# Problem on tension

## Homework Statement [/B]
An ornament for a courtyard at a World's Fair is to be made up of four identical, frictionless metal spheres, each weighing ##2\sqrt{6}## ton-wts.The spheres are to be arranged as shown, with three resting on horizontal surface and touching each other; the fourth is to rest freely on the other three. The bottom three are kept from separating by spot welds at the points of contact with each other. Allowing for a factor of safety of 3, how much tension must the spot welds withstand?

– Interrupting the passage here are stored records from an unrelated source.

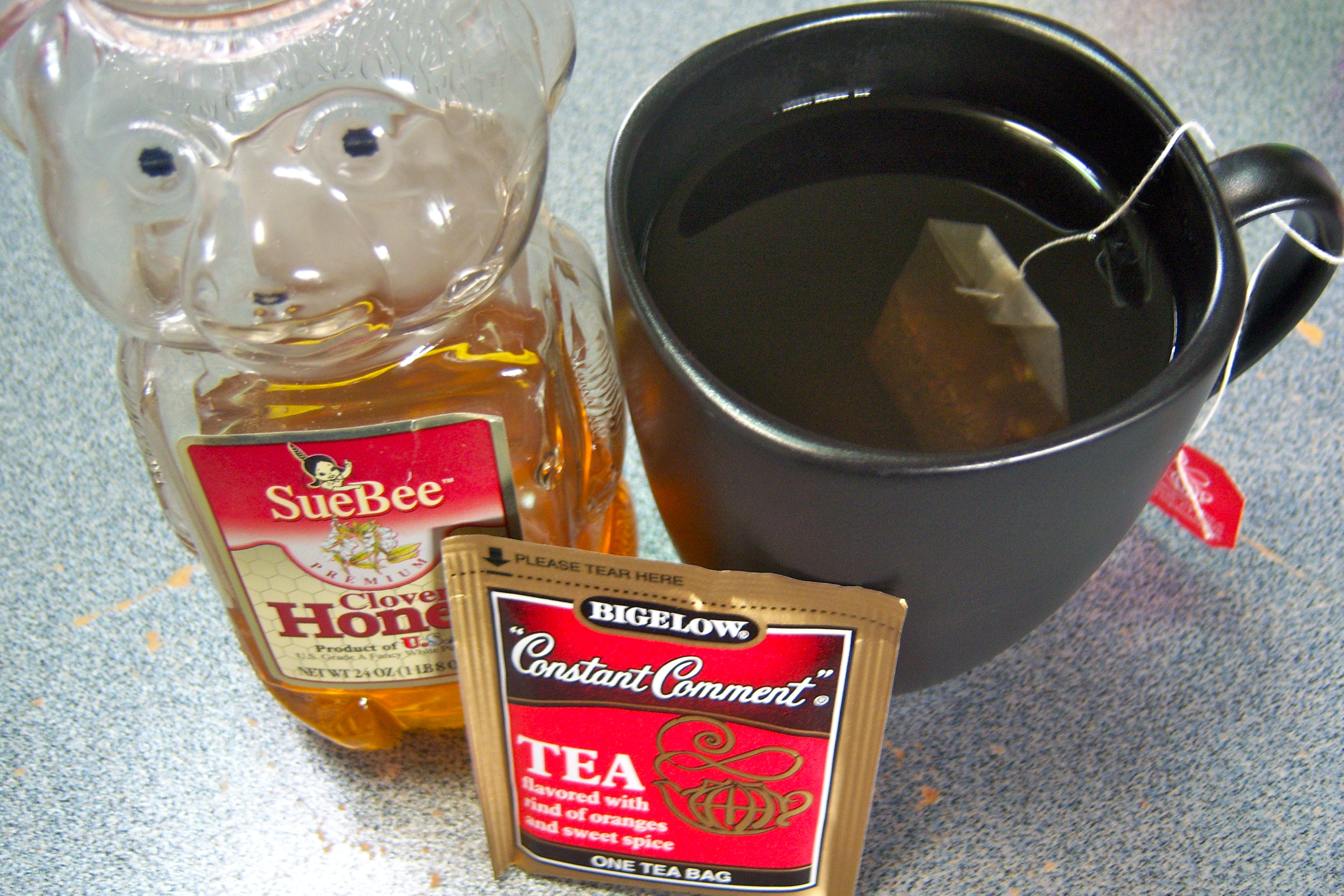I am drinking my favorite orange-spice tea sweetened with yummy honey!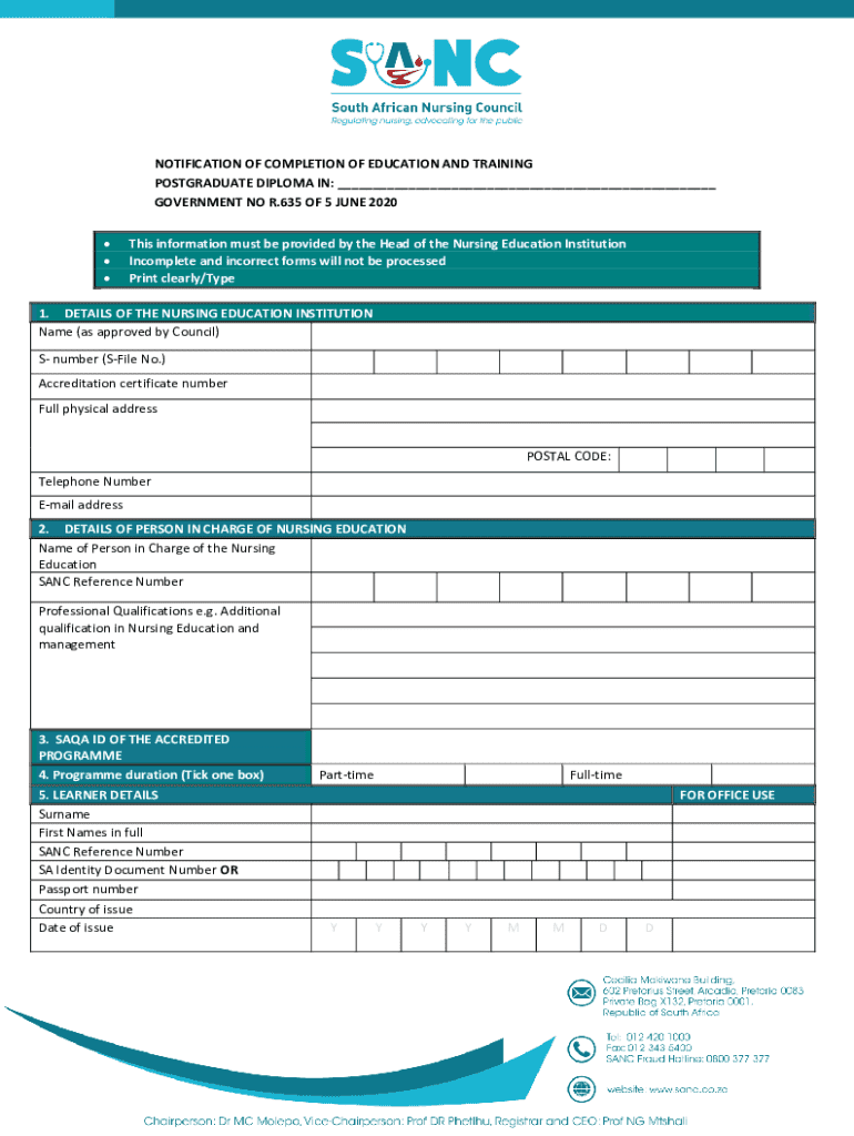 This document serves as a notification for the completion of education and training for individuals who have completed a postgraduate diploma in nursing. It requires detailed information from the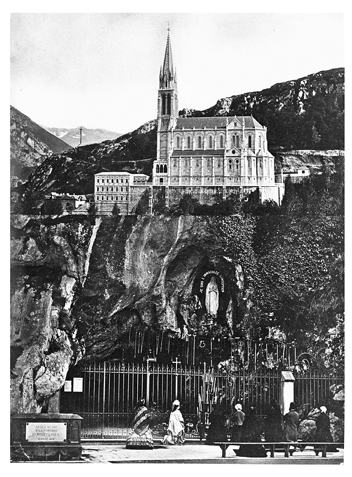Kyrka i Lourdes. Fotografierna LXVI:D.01.-47. är inköpta av Wilhelmina von Hallwyl, f. Kempe, i Tours, Bordeaux, Arcachon, Biarritz, Pau, Lourdes, Toulouse, Clermont-Ferrand och Lyon under en resa tillsammans med maken Walther von Hallwyl, modern Johanna Kempe, döttrarna Ellen och Irma samt fröken Caroline Pflaum. Familjen reste till Paris, genom södra Frankrike och Pyreneerna samt åter över Schweiz, 6 september - 31 oktober 1886.

## The Attempt at a Solution

At first, I calculated the angle between the vertical axis and the line segment which connects the centres of the top and bottom spheres. Let, the angle be ##\theta##.; In the picture, A, B , C and D are the centers of the spheres. D is the centre of the top sphere. Let the radius of a sphere be ##R## .
So, AB = BC = CA = AD = 2R ;
Applying pythagorean theorem for APC triangle, ## AP = \sqrt{3} R ##
As, G is the centroid, AG : GP = 2 : 1 ;
So, ## AG = \frac{2R}{\sqrt{3}} ##
From, the triangle AGD, ##sin \theta = \frac{AG}{AD} = \frac{1}{\sqrt{3}} ##
and, ## tan \theta = \frac{1}{\sqrt{2}} ##
The vertically downward (component) force of the top sphere on each of the bottom spheres will be
##= \frac{1}{3} \cdot 2 \sqrt{6} = \frac {2\sqrt{2}}{\sqrt{3}} ##

Now, let's consider the force on the bottom sphere having centre A : So the vertical component is ## \frac {2\sqrt{2}}{\sqrt{3}} ##
And so, horizontal component becomes ## = \frac {2\sqrt{2}}{\sqrt{3}} \cdot tan \theta = \frac{2}{\sqrt{3}}##
Now, look at the forces on the bottom spheres in the horizontal plane. This horizontal force on A, can be divided into two components, along CA and BA ;
To, get the tension in AC, I took the component along AC which is ##= \frac{1}{2} \frac{2}{\sqrt{3}} cos 30 = \frac{1}{2} ##
As, the safety factor is 3, the tension becomes ##\frac{3}{2}##;
But it doesn't match the answer.

## Answers and Replies

TSny
Homework Helper
Gold Member
Your work looks good to me all the way to the last part where you are considering the horizontal forces on the bottom spheres. Draw a free body diagram of one of the bottom spheres showing all of the horizontal force components acting on the sphere.

Last edited:
CWatters
Science Advisor
Homework Helper
Gold Member
Check the line that begins...

And so, horizontal component becomes...

When you resolve a force into two orthogonal components the original force vector is the hypotenuse not the side of the triangle.

Chestermiller
Mentor
I confirm your result for the horizontal force. For the horizontal force balance, I get 2Tcos(30)=(horizontal force). This gives T = 2/3. If I multiply by the factor of safety, I get 2.

Chet

I confirm your result for the horizontal force. For the horizontal force balance, I get 2Tcos(30)=(horizontal force). This gives T = 2/3. If I multiply by the factor of safety, I get 2.
Your suggestion was helpful to find out my mistake.